Background information
- Born: 1945 Casablanca, French protectorate in Morocco
- Origin: Morocco
- Died: 23 October 1996 (aged 51) Rabat, Morocco
- Genres: Moroccan music, Opera
- Occupations: Singer, actor, musician
- Instrument: Oud
- Years active: 1963–1996
- Label: Polydor Records
- Website: www.mohamedelhayani.com

= Mohamed El Hayani =

Moroccan singer and actor

Mohamed El Hayani (محمد الحياني) (1945-1996) was a Moroccan singer, actor and musician (vocalist) specialized in the so-called Moroccan modern music.

==Early life==
El Hayani was born in Casablanca, Morocco in 1945. He spent his childhood in the neighborhood of Derb Sultan before moving to Agdal in Rabat, where he lived with his older sister Fatna, who was his first supporter. She was the one who helped him enroll at the National Conservatory of Music as soon as he discovered his passion for singing, a passion that emerged from his earliest childhood, leading him to abandon his studies at the primary level. At the Conservatory, El Hayyani was taught by experienced artists such as the composer Abdelkader Rachdi, who was very impressed by his voice.

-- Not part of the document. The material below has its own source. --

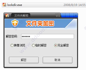 4、再次打开文件夹,里面只有“lockdir.exe”文件,双击输入密码解锁,建议用完全解密;

in the late 1960, El Hayani recorded his first song "Ya Oulidi" (my little son), before bewitching audiences through "Rahila" (female traveler), a mythic song composed by the late Abdessalam Amer and still as strongly present in Moroccan repertoire of music.

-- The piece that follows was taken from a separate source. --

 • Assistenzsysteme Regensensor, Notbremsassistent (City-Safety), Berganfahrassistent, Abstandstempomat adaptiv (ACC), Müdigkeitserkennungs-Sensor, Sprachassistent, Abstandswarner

In 1982, El Hayani entered the cinema world starring alongside Hammadi Ammour and Habiba Medkouri in "Doumou3 Nadam" (tears of regret) directed by Hassan El Moufti. The film seduced a large audience.

El Hayani died October 23, 1996, at the age of 51. He left the Moroccan modern music scene as one of its pioneers.

==Discography==
During his career, Mohamed El Hayani recorded several songs notable in Morocco, including:
- Ya Sidi Ana 7or – يا سيدي أنا حر (Sir I am Free)
- Bard u skhun – بارد وسخون (Cold and Hot)
- Qtach Tghanni Ya qalbi – وقتاش تغني أ قلبي (When will you sing, my heart?)